(About this exercise) Find the line containing "Στόχος του προγράμματος" in the listing below. Repeat it exactly, along with each following line up to and including the one containing "Nouse viehättävään jokilaivaan, jonka".
[[ Input open ]]
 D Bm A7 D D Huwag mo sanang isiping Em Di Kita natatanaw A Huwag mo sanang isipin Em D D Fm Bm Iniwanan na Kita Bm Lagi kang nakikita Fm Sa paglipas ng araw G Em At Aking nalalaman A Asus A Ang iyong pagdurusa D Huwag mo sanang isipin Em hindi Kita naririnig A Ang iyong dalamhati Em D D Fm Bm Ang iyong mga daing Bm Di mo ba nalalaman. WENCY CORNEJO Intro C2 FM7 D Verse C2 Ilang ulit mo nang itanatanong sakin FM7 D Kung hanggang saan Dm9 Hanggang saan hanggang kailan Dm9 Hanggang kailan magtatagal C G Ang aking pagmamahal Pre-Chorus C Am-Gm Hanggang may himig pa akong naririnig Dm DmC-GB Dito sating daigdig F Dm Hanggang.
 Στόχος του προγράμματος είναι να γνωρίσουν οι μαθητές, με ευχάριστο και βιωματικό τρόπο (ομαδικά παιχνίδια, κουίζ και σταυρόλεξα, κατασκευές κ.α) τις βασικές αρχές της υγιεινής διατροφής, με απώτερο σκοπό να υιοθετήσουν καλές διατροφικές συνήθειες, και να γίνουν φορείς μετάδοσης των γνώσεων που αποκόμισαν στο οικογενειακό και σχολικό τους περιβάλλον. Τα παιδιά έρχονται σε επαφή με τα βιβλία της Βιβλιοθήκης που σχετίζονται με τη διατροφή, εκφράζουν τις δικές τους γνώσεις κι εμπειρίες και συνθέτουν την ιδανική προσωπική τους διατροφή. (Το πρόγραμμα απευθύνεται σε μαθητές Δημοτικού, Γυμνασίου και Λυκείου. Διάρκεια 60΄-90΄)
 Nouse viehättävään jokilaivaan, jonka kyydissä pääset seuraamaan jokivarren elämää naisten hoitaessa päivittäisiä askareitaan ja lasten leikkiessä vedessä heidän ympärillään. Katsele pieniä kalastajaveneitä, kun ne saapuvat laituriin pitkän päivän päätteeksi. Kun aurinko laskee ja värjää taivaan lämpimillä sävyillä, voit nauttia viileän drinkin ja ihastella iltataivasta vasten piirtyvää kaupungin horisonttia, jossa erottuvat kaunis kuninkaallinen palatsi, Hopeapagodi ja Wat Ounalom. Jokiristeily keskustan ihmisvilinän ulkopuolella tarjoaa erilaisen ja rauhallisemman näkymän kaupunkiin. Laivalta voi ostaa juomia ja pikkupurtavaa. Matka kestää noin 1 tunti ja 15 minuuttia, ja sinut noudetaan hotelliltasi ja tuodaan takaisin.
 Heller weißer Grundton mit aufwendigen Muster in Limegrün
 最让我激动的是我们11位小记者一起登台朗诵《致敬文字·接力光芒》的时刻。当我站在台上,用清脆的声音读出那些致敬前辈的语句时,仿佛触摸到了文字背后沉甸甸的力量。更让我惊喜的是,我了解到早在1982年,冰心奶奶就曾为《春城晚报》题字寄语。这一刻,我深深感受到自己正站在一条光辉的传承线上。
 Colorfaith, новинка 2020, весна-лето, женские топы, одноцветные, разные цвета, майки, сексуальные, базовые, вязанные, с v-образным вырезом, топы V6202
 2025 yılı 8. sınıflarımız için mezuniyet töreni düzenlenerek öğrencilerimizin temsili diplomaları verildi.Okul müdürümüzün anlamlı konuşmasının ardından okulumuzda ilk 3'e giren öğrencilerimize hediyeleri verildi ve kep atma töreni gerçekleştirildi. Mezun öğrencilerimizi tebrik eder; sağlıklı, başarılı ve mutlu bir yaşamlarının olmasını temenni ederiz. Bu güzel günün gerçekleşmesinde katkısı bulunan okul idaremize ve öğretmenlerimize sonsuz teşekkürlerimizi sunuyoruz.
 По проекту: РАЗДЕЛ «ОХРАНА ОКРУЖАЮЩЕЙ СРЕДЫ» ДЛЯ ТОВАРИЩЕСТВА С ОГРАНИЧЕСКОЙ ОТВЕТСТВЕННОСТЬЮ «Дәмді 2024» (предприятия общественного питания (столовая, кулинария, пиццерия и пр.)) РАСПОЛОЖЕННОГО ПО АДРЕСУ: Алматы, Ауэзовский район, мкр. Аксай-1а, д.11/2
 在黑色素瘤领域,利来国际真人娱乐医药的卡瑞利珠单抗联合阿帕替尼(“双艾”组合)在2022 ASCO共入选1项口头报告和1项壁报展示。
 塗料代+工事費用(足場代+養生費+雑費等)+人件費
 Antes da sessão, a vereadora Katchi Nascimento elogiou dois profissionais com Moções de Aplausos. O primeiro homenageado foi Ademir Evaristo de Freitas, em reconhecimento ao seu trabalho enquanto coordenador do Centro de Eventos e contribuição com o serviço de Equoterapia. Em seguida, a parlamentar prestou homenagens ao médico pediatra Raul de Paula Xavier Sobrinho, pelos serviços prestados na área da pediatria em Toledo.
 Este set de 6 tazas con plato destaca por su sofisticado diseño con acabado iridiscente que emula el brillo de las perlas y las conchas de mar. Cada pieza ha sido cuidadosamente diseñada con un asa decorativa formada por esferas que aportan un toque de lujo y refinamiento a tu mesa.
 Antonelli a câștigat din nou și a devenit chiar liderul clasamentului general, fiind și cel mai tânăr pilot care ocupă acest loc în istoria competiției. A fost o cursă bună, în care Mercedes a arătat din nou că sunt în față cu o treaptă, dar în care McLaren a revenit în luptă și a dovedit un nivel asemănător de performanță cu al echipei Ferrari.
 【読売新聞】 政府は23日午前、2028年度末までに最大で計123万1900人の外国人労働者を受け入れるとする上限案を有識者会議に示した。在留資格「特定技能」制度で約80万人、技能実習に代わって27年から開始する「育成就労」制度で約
[[ Input closed ]]
(Result for this exercise)
 Στόχος του προγράμματος είναι να γνωρίσουν οι μαθητές, με ευχάριστο και βιωματικό τρόπο (ομαδικά παιχνίδια, κουίζ και σταυρόλεξα, κατασκευές κ.α) τις βασικές αρχές της υγιεινής διατροφής, με απώτερο σκοπό να υιοθετήσουν καλές διατροφικές συνήθειες, και να γίνουν φορείς μετάδοσης των γνώσεων που αποκόμισαν στο οικογενειακό και σχολικό τους περιβάλλον. Τα παιδιά έρχονται σε επαφή με τα βιβλία της Βιβλιοθήκης που σχετίζονται με τη διατροφή, εκφράζουν τις δικές τους γνώσεις κι εμπειρίες και συνθέτουν την ιδανική προσωπική τους διατροφή. (Το πρόγραμμα απευθύνεται σε μαθητές Δημοτικού, Γυμνασίου και Λυκείου. Διάρκεια 60΄-90΄)
 Nouse viehättävään jokilaivaan, jonka kyydissä pääset seuraamaan jokivarren elämää naisten hoitaessa päivittäisiä askareitaan ja lasten leikkiessä vedessä heidän ympärillään. Katsele pieniä kalastajaveneitä, kun ne saapuvat laituriin pitkän päivän päätteeksi. Kun aurinko laskee ja värjää taivaan lämpimillä sävyillä, voit nauttia viileän drinkin ja ihastella iltataivasta vasten piirtyvää kaupungin horisonttia, jossa erottuvat kaunis kuninkaallinen palatsi, Hopeapagodi ja Wat Ounalom. Jokiristeily keskustan ihmisvilinän ulkopuolella tarjoaa erilaisen ja rauhallisemman näkymän kaupunkiin. Laivalta voi ostaa juomia ja pikkupurtavaa. Matka kestää noin 1 tunti ja 15 minuuttia, ja sinut noudetaan hotelliltasi ja tuodaan takaisin.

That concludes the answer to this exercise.